## TASK MATERIAL
************
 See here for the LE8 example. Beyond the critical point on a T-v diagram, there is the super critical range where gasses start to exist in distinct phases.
************
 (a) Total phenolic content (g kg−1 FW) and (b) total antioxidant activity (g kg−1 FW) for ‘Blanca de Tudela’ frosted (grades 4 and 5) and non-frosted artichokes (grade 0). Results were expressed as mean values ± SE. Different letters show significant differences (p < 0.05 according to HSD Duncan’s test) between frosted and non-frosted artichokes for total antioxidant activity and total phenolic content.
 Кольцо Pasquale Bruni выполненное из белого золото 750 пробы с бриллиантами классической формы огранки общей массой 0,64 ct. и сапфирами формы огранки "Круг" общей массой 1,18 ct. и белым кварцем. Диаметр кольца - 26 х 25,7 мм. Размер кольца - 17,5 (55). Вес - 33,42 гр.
************
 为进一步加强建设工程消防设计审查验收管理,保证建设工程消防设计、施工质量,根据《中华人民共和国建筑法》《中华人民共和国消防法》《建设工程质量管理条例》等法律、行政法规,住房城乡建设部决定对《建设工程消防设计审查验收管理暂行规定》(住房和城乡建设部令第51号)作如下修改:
************
## EXERCISE
For this exercise, output exactly the lines above from the line with "(a) Total phenolic" to the line with "Кольцо Pasquale Bruni", counting both, and leave out the rest.

## YOUR RESPONSE
 (a) Total phenolic content (g kg−1 FW) and (b) total antioxidant activity (g kg−1 FW) for ‘Blanca de Tudela’ frosted (grades 4 and 5) and non-frosted artichokes (grade 0). Results were expressed as mean values ± SE. Different letters show significant differences (p < 0.05 according to HSD Duncan’s test) between frosted and non-frosted artichokes for total antioxidant activity and total phenolic content.
 Кольцо Pasquale Bruni выполненное из белого золото 750 пробы с бриллиантами классической формы огранки общей массой 0,64 ct. и сапфирами формы огранки "Круг" общей массой 1,18 ct. и белым кварцем. Диаметр кольца - 26 х 25,7 мм. Размер кольца - 17,5 (55). Вес - 33,42 гр.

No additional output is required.